Un nombre considérable de préfets continue d'attendre une affectation territoriale, indispensable à l'exercice de ses missions. Pour autant, durant cette phase de transition, ils sont nombreux à percevoir primes et rémunérations, aux frais de l'Etat…
IllustrationAFP

Les très gracieux salaires des préfets : une moitié d’entre eux ne sont pas affectés

Payés à rien faire, les préfets ? Loin s’en faut. Pourtant, ils demeurent nombreux à espérer décrocher une affectation territoriale. Or, comme le rappelle le site emploi-collectivités, c’est précisément ce qui rattache un agent de la fonction public à son poste de travail. Fondamentalement, il s’agit de son "positionnement dans un service et des missions" qui se rattachent au dit service.

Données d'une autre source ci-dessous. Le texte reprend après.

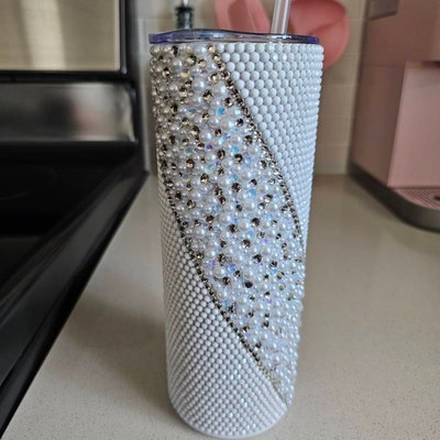 White Rhinestone and Pearl Bling Tumbler Gift for Her Handmade Gift

Or, sur les 250 préfets en exercice dans l’Hexagone, 127 ne sont pas affectés révèle Capital. Ce qui signifie qu’un peu plus de la moitié d’entre eux n’occupent pas de postes territoriaux. Une situation alarmante, contre laquelle la Cour des comptes tirait l’alarme en 2014. Fin 2017, la situation n’avait d’ailleurs pas évolué expliquent les sénateurs chargés de l’évaluation de la gestion du corps préfectoral dans les colonnes du mensuel.

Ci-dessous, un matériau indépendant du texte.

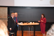 | Professor Willy-Tore Mørch og barnepsykolog Magne Raundalen avsluttet seminaret med "Dommen over vår tid- kan vi endre den nå?" ledet av insituttleder ved RKBU Nord Merete Saus. |

Pour y remédier, les différents exécutifs ont entrepris de modifier le décret statutaire initial portant sur le sujet de l’affectation des préfets. Ecrit en 1964, il a été revu pour la dernière fois en 2015, sans grand impact sur le nombre de préfets en attente d’un poste local. Pire : d’après les sénateurs, plusieurs préfets chargés de conseiller le gouvernement "continuent d’être affectés à des fonctions au rapport lointain ou indéterminé avec l’administration territoriale".